Solution: Support for point-to-point communication for durability message addressed to one fellow added.
OSPL-13748 / 00020708 The RT networking service can run out of buffers when receive socket is overloaded.

To limit the chance of packet loss to occur in the receive socket the networking receive thread tries to read as much packets from the receive socket before processing these packets further. However when the receive socket remains full the number of received packets that are waiting to be processes is increasing which may cause that the networking service will run out of buffers.

Solution: When reading packets from the receive socket the size it is checked if the number of packets waiting to be processed does not exceed a threshold. When the threshold is reached the networking receive thread will first process some waiting packets before attending the receive socket.
OSPL-13753 / 00020714 When installing a Visual Studio 2005 version silently a popup window appears and stops the installation

The installations now ensure Visual Studio redistributables will not force a reboot of Windows before the main installer has completed by using an optional parameter when running the redistributable . This has created a problem for Visual Studio 2005 versions as this parameter is illegal and an error message is produced.

Solution: An additional page has been included in the installer to allow users to not install the Visual Studio redistributable.

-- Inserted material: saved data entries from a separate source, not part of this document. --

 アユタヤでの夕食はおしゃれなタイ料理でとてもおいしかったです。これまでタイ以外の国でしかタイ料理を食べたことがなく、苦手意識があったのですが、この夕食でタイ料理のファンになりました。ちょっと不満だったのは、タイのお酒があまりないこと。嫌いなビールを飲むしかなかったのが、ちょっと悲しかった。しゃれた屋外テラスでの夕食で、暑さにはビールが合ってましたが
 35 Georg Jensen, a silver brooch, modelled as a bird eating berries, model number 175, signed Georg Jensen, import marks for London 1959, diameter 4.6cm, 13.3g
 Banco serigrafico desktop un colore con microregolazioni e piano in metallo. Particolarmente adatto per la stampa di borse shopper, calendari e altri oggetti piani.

This option can also be used when installing silently and allows a customer to skip the redistributable which creates the error condition.
OSPL-13756 Provide the option to have the RT networking service perform the distribution of the builtin topics.

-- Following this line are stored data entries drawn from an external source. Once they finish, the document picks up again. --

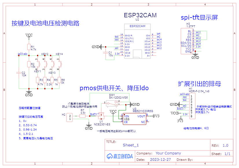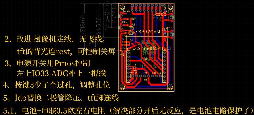 - tft屏与sd卡引脚重合(引脚实在不够用),导致拍照写入sd卡后,得重启才能正常使用,否则tft异常。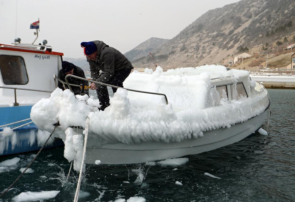 Βάρκα καλυμμένη με πάγο στην Κροατία
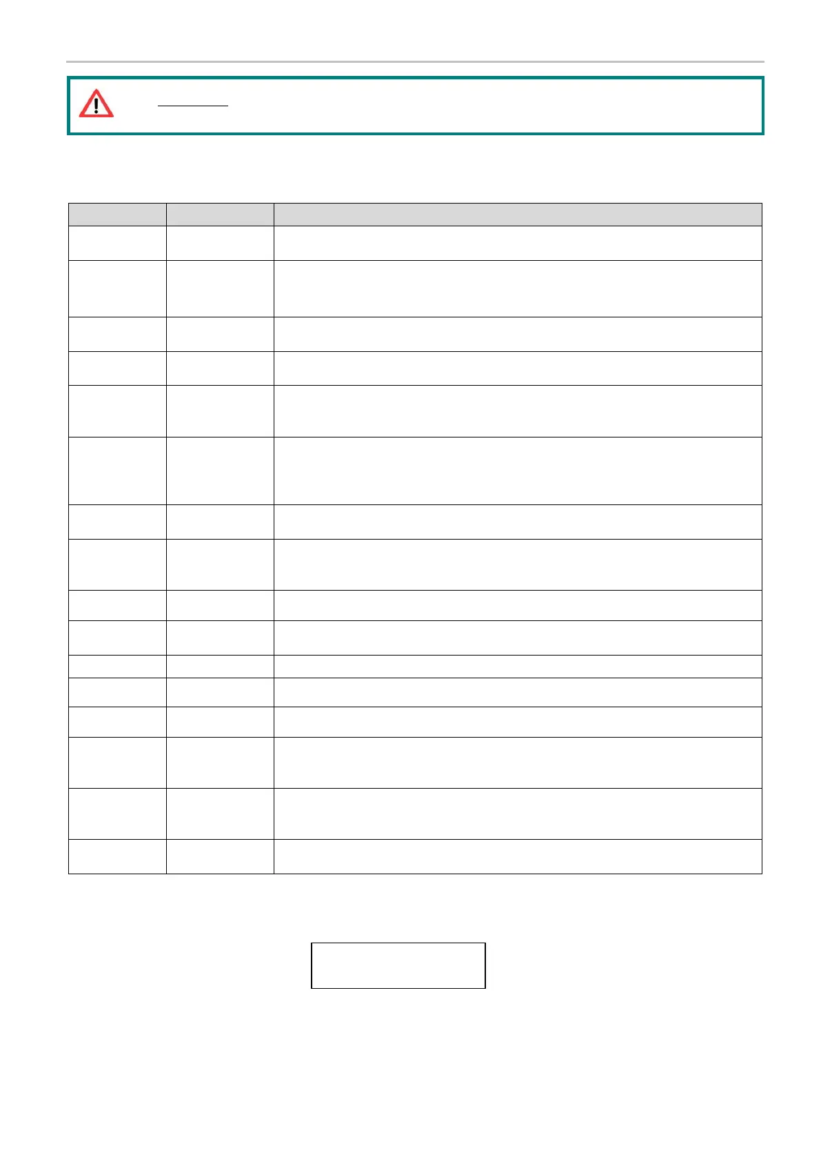 10.1 ALARM CODE TABLE

When using the RT networking service the durability service will be responsible for alignment of the builtin topic which is not the case when the DDSI service is used. In a large system the number of builtin topics can become very large. When the networking service is made responsible for aligning the builtin topics only the own builtin topics of a node have been aligned when two nodes detected each other. Especially when a disconnect/reconnect occurs it will reduce the number of builtin topics that have to be aligned.

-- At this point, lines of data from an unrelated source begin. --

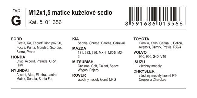 Pojistné matice kol G M12x1,50 kuželové sedlo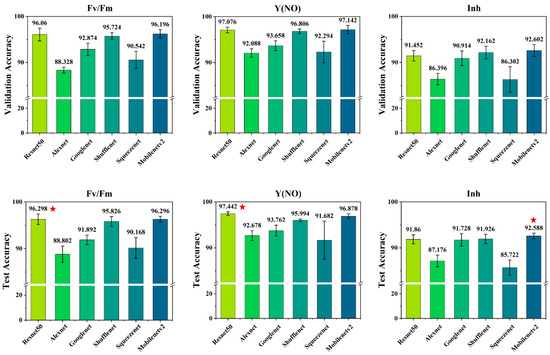 By separately utilizing three types of ChlF images as model inputs, we employed six convolutional neural networks (CNNs) for salt concentration recognition and established salt stress state discrimination models. The model accuracy of different inputs was analyzed and compared to further select the best CNN model. The salt stress recognition accuracy of each method is shown in Figure 4. The results indicate that among the six CNN models, Resnet50 performed best for the Fv/Fm parameter with test and validation accuracies of 96.298% and 96.06%, respectively, surpassing Squeezenet by 6.13% in test accuracy and 5.92% in validation accuracy. For the Y(NO) parameter, Resnet50 also excelled with test and validation accuracies of 97.442% and 97.076%, respectively, outperforming Alexnet by 4.764% in test accuracy and 4.988% in validation accuracy. Regarding the Inh parameter, Mobilenetv2 achieved the highest test accuracy of 92.588%, exceeding Squeezenet by 6.866% in test accuracy and 6.28% in validation accuracy.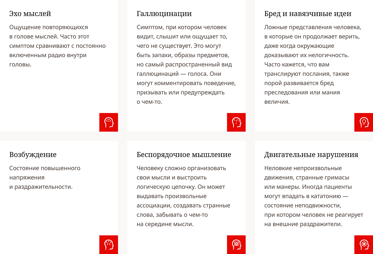 Позитивные симптомы — особенности поведения, которые не свойственны психически здоровым людям и выражаются в утрате связи с реальностью5.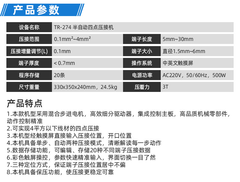 TR-274 半自动四点压接机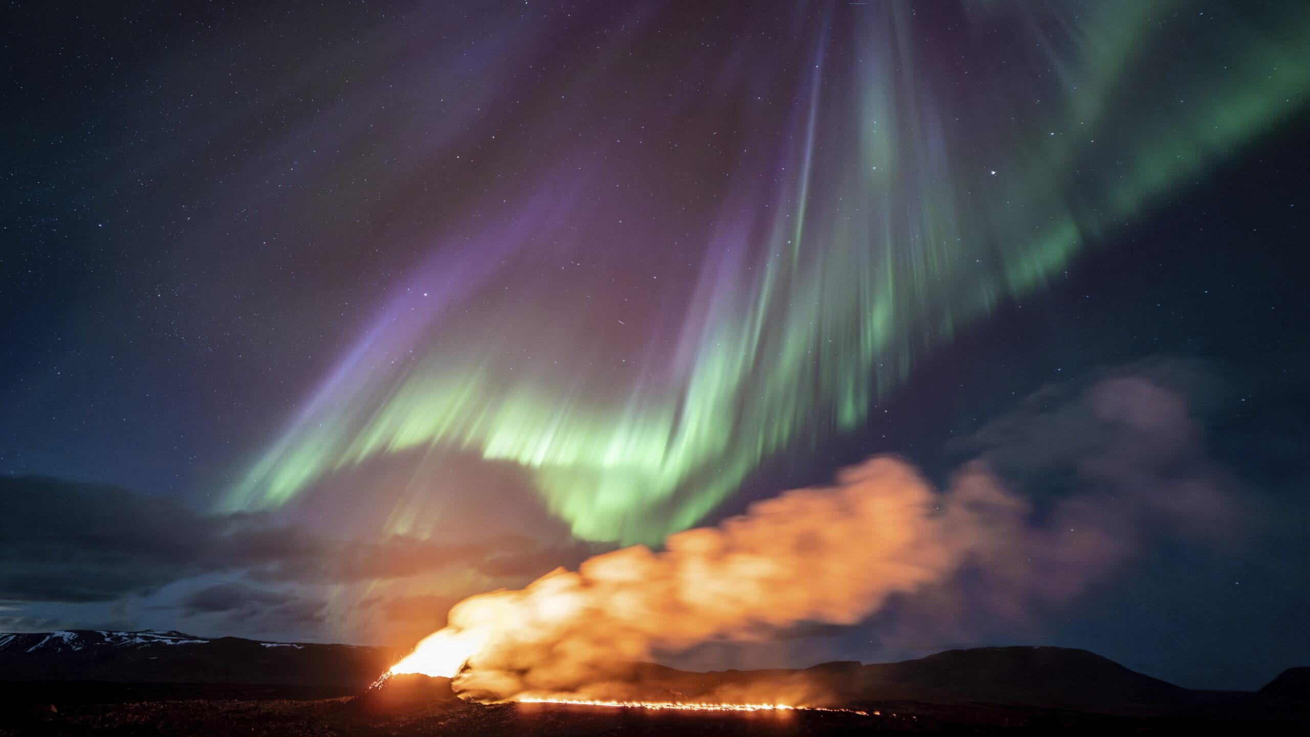Αυτή τη φορά, «φιλοδώρησε» τον τηλεοπτικό φακό με ένα διπλό καθηλωτικό θέαμα που χώρεσε στο ίδιο κάδρομ την έκρηξη του ηφαιστείου κοντά στο Γκρίνταβικ, που συνεχίζει να εκτοξεύει λάβα εδώ και 28 ημέρες, και μία «έκρηξη» ουράνιων χρωμάτων του Βόρειου Σέλαος.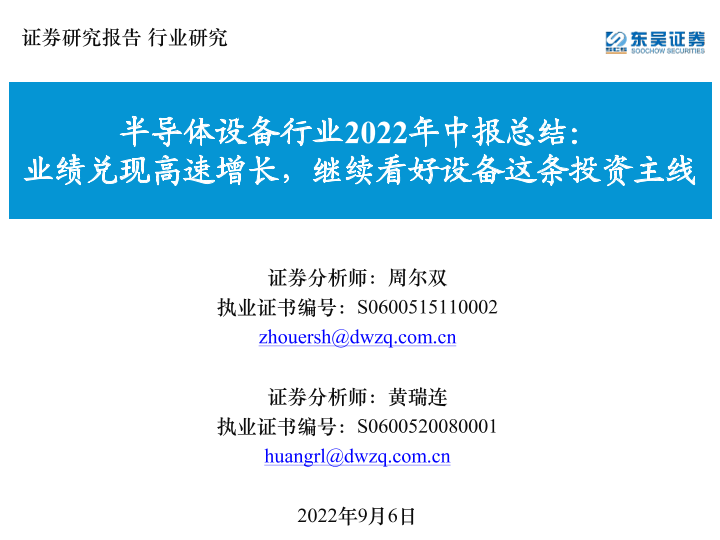 【东吴证券】【20220906】半导体设备行业2022年中报总结:业绩兑现高速增长,继续看好设备这条投资主线-25页

Solution: The ability to align the builtin topics by RT networking has be added and a configuration parameter ManageBuiltinTopics has been added by which this ability can be enabled. Note to maintain similarity with the DDSI service this applies to: DCPSParticipant, DCPSPublication, DCPSSubscription, DCSPTopic and the CM related builtin topics.
OSPL-13771 / 00020719 Python API: 'Out Of Resources' exceptions when using conditions and shared memory.

A memory leak was introduced in 6.10.4p1. In the python class Condition, dealloc was removed, resulting in improper cleanup. This change was introduced as a fix for OSPL-13503 Cleanup error: dds_condition_delete: Bad parameter Not a proper condition.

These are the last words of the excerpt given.